Brief:
All of the entries should be restated word for word, but without their pictures.

==============================

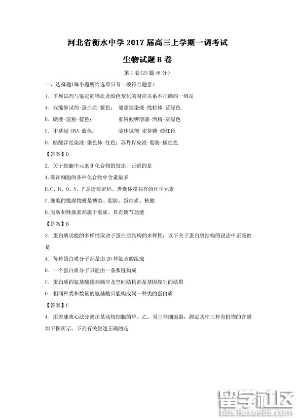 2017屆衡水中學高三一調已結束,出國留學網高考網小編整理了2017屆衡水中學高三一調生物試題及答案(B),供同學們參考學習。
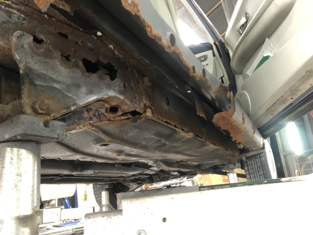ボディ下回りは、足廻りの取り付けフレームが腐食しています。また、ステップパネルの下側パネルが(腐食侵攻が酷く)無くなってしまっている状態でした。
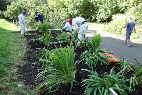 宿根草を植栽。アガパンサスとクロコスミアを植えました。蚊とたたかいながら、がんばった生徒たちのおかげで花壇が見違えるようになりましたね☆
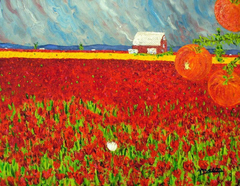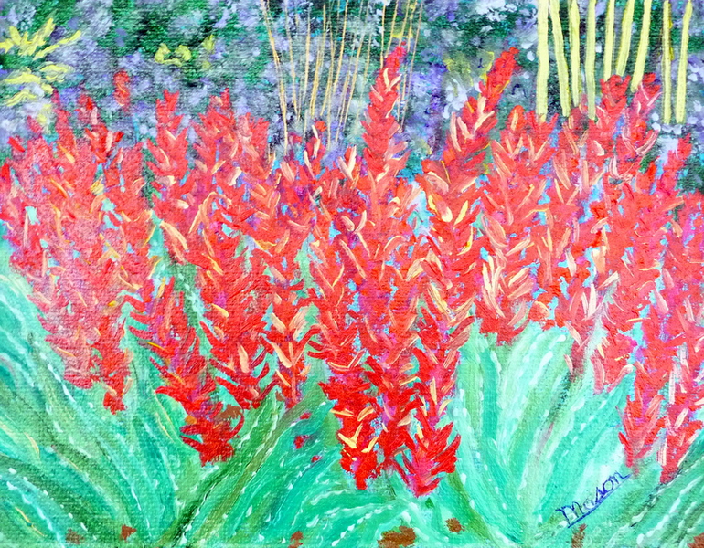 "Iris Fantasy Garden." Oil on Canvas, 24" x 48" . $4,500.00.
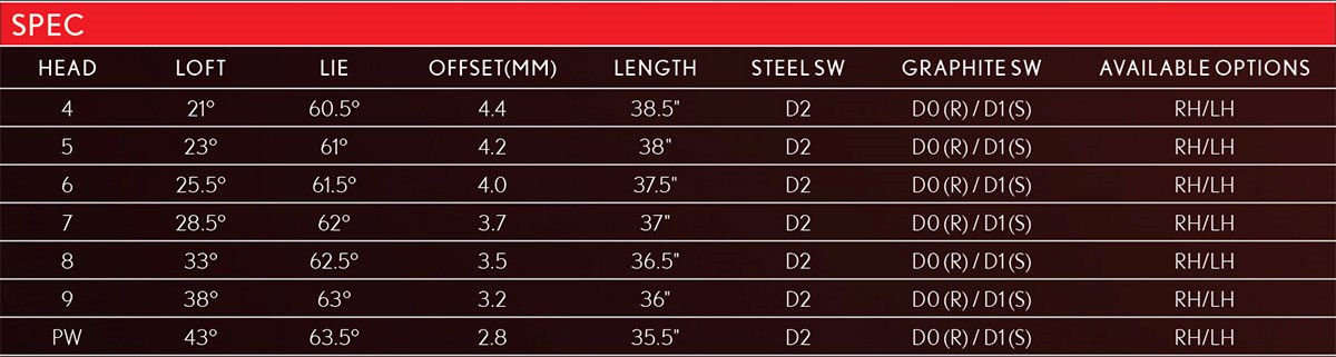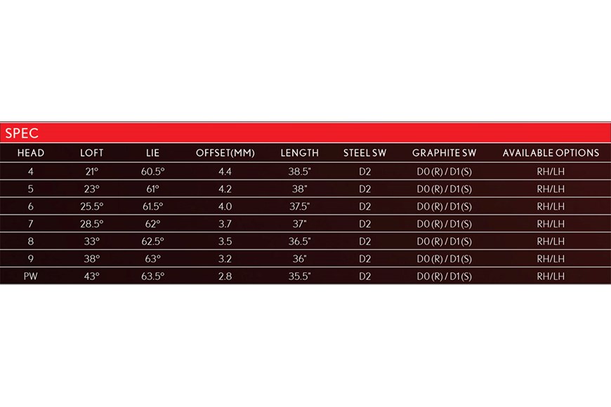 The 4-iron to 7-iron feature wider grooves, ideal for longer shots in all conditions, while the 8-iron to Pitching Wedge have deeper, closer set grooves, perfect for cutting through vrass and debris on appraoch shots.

==============================

Completed exercise:
 2017屆衡水中學高三一調已結束,出國留學網高考網小編整理了2017屆衡水中學高三一調生物試題及答案(B),供同學們參考學習。
ボディ下回りは、足廻りの取り付けフレームが腐食しています。また、ステップパネルの下側パネルが(腐食侵攻が酷く)無くなってしまっている状態でした。
 宿根草を植栽。アガパンサスとクロコスミアを植えました。蚊とたたかいながら、がんばった生徒たちのおかげで花壇が見違えるようになりましたね☆
 "Iris Fantasy Garden." Oil on Canvas, 24" x 48" . $4,500.00.
 The 4-iron to 7-iron feature wider grooves, ideal for longer shots in all conditions, while the 8-iron to Pitching Wedge have deeper, closer set grooves, perfect for cutting through vrass and debris on appraoch shots.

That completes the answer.